Tras calmarse un momento, Jean Kensington dijo de repente: —¿Y si…
le busco un padrastro al bebé?
Chloe Sterling: —Eh…
supongo que es una opción, pero tienes que asegurarte de que te guste el chico y de que de verdad sea bueno con el bebé.
La esperanza de Jean Kensington se desinfló al instante.
—Eso parece un poco difícil.
Tras pensarlo un momento, Chloe Sterling dijo: —¿Por qué no consideras a Chase Langdon?
El carácter de mi sénior es absolutamente sólido, y de verdad le gusta el bebé.
Jean Kensington: —No hay absolutamente ninguna chispa entre nosotros.
¡Solo somos colegas, vale!
Chloe Sterling: —…
Jean Kensington se pasó una mano por el pelo.
—Olvídalo, olvídalo.
No hablemos de esto.
Iré paso a paso.
A mediodía, las dos se llevaron al bebé a comer fuera.
Mientras esperaban la comida, Jean Kensington se levantó para ir al baño.
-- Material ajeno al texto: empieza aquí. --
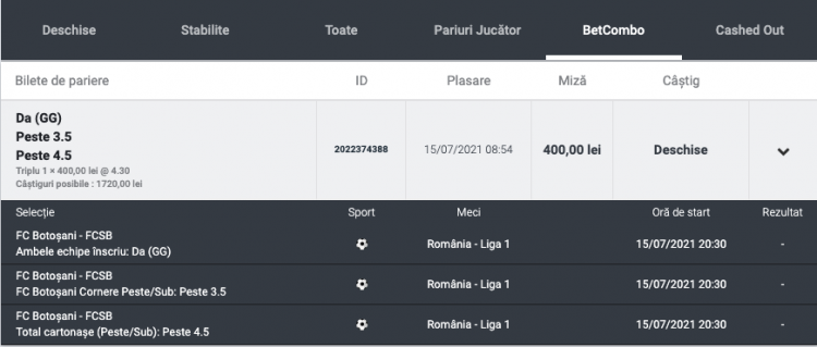 Pe Betano, funcția BetCombo ne permite să combinăm pe același bilet mai multe selecții din cadrul aceluiași meci, iar eu am mizat pe o cotă de 4.30 care conține următoarele:

Chloe Sterling estaba cuidando sola del bebé, sirviéndole un vaso de zumo.
Justo en ese momento, Tristán Sinclair entró en el restaurante con varios subordinados.
Al ver a la pareja, Tristán les dijo a los hombres que estaban a su lado: —Adelántense.
Iré en un momento.
—Sí, Presidente Sinclair.
Los hombres se dirigieron a un salón privado.
Los labios de Tristán Sinclair se curvaron en una sonrisa mientras caminaba hacia Chloe Sterling y el bebé.